What you should do:
Write out the entries verbatim and leave the images out of the copy.

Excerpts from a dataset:
----------------------------------------
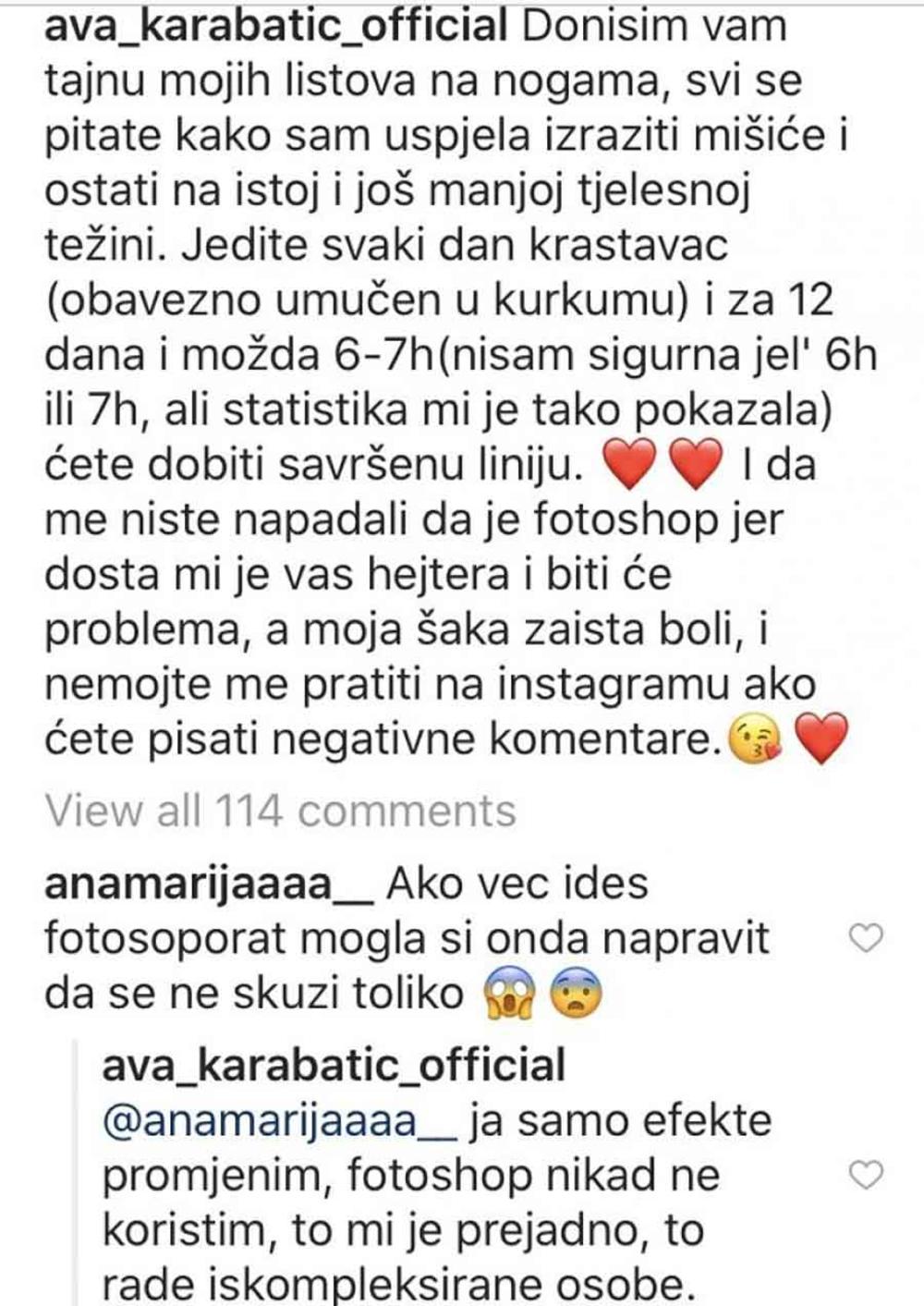 Karabatićeva se dugo raspravljala sa fanovima kako nije korigovala telo, već je izvajano od truda i vežbanja.
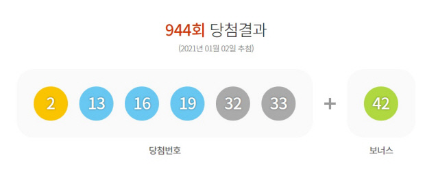 2일 진행된 제944회 로또복권 추첨에서 ‘2, 13, 16, 19, 32, 33’이 1등 번호가 됐다. 2등 보너스 번호는 42번이다.
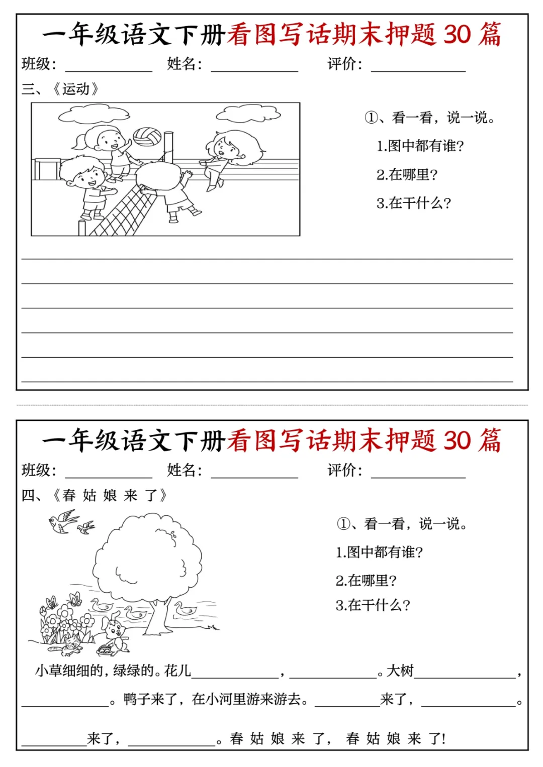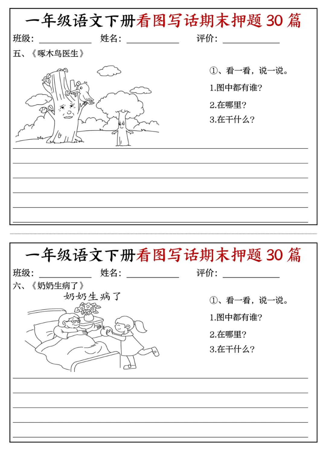 【免费下载】一年级(下)语文 看图写话期末押题30篇(含范文22页)
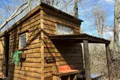 Off-grid cabin in a private area with a small double bed and bedding, space for a travel cot or an airbed for a child. Includes gas, cooking utensils, crockery, kettle, outdoor decking, seating and fire pit. Shared facilities nearby, dogs welcome.
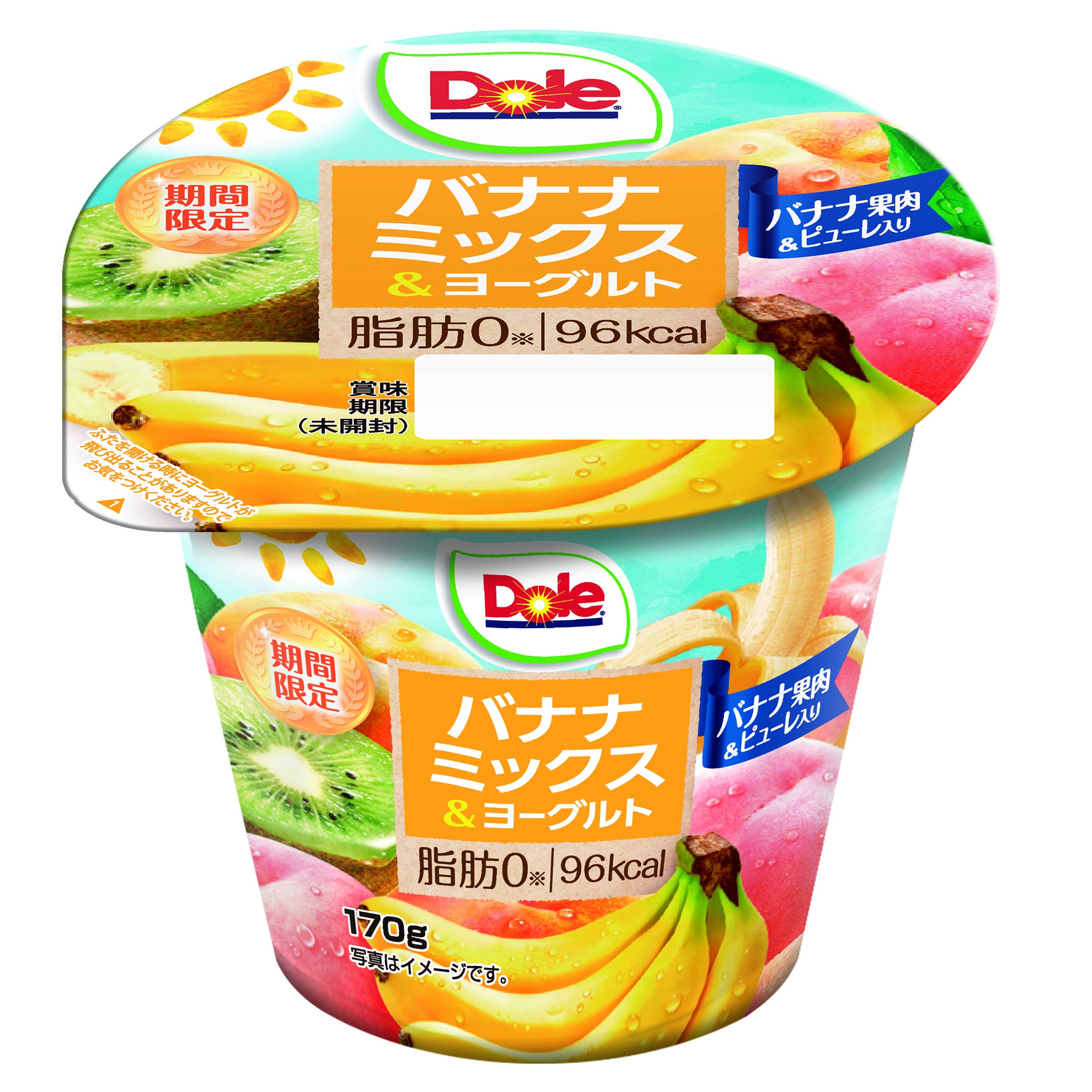 脂肪0※ヨーグルト使用で、まるごと食べても100kcal以下のヘルシーなヨーグルトであるため、日々の朝食替わりやお食事後のデザートはもちろん、夜食にも罪悪感なく、手軽においしくフルーツとヨーグルトが摂取できます。暑い夏にぴったりの「Dole®バナナミックス&ヨーグルト」を、ぜひお楽しみください。
----------------------------------------
Solution for this exercise:
 Karabatićeva se dugo raspravljala sa fanovima kako nije korigovala telo, već je izvajano od truda i vežbanja.
 2일 진행된 제944회 로또복권 추첨에서 ‘2, 13, 16, 19, 32, 33’이 1등 번호가 됐다. 2등 보너스 번호는 42번이다.
 【免费下载】一年级(下)语文 看图写话期末押题30篇(含范文22页)
 Off-grid cabin in a private area with a small double bed and bedding, space for a travel cot or an airbed for a child. Includes gas, cooking utensils, crockery, kettle, outdoor decking, seating and fire pit. Shared facilities nearby, dogs welcome.
 脂肪0※ヨーグルト使用で、まるごと食べても100kcal以下のヘルシーなヨーグルトであるため、日々の朝食替わりやお食事後のデザートはもちろん、夜食にも罪悪感なく、手軽においしくフルーツとヨーグルトが摂取できます。暑い夏にぴったりの「Dole®バナナミックス&ヨーグルト」を、ぜひお楽しみください。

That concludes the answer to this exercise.